As the N.C. General Assembly returns to Raleigh this week for the short session it is necessary for state law makers to begin thinking about the state’s future in new ways.
The economic impact of the COVID-19 pandemic is so significant that the state’s leadership, executive and legislative, will have to address major changes in the coming weeks if the state’s economy is to recover. This effort can and should lead to a new approach in state laws and regulations.
A recent Wall Street Journal article by Sam Walker made note of this opportunity in an article entitled “Getting the Restart Right: How to Lead When Nobody Has a Map.” So far the state, under the leadership of Governor Cooper has, as the phrase goes, “kicked the can down the road.” But now that the legislature is back in session there is an opportunity to re-think and re-imagine the state’s future.

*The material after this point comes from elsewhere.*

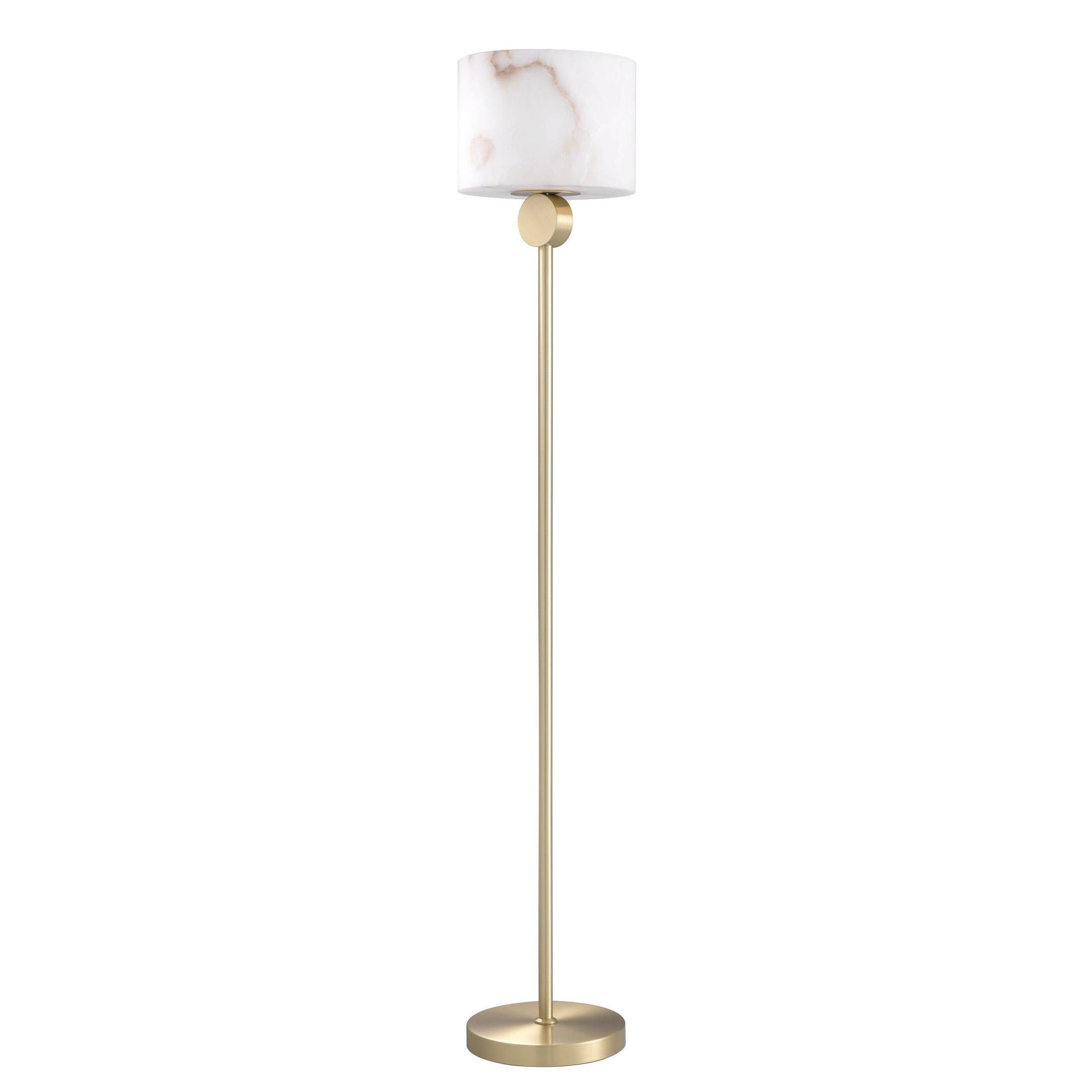 Golvlampa Etruscan från Eichholtz. Med denna designlampa är det lätt att skapa en trevlig och exklusiv atmosfär i ditt vardagsrum eller sovrum genom att placera den i ett hörn eller bredvid en soffa. Med sin brons- eller mässingsfärgade armatur och runda skärm i äkta alabastersten som på ett mycket härligt sätt släpper igenom ljuset ger denna vackra golvlampa din inredning en romantisk touch som bara är oemotståndlig. Kombineras med fördel tillsammans med matchande tak- och bordslampa.
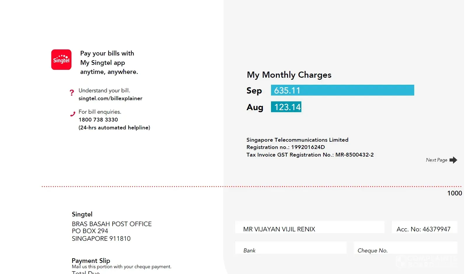 My Singtel Acct No. - [protected]

Mr. Walker states in his article “… the coronavirus has been a baptism in crisis management…deep down, however, we all know that the real leadership test is yet to come.”
And that leadership, the presence or the lack thereof, will be on display as the governor and legislators begin their conversations in the weeks ahead.
North Carolina has undergone massive economic changes over the past 150 years but its laws and regulations have not kept pace. Until the mid-1970’s North Carolina relied on tobacco, textiles and furniture for its primary economic engine. Beginning in the 1950’s government and business leaders sensed a change in economic forces and refocused the state’s economy on science, technology and banking which positioned the state well for the 21st century.
Unfortunately, state governance has barely kept pace with the economic changes and in most cases has resulted in only nuancing arcane laws and regulations that continue to restrain innovation and increase costs for both entrepreneurs and end users. The economic impact of the state mandated business closures and sequestration has exposed the state’s weak points that must be corrected if we are to recover quickly.
One example is the state’s Certificate of Need regulations restricting expansion of medical services. Currently the state has relaxed some of these restrictions to allow hospitals to open up more beds for fear of being overwhelmed by patients suffering from the COVID-19 virus. But the removal of this restriction is only temporary and we assume will be reinstituted once the crisis is past. This is just one of hundreds of regulatory shackles that are negatively impacting the state’s economic future.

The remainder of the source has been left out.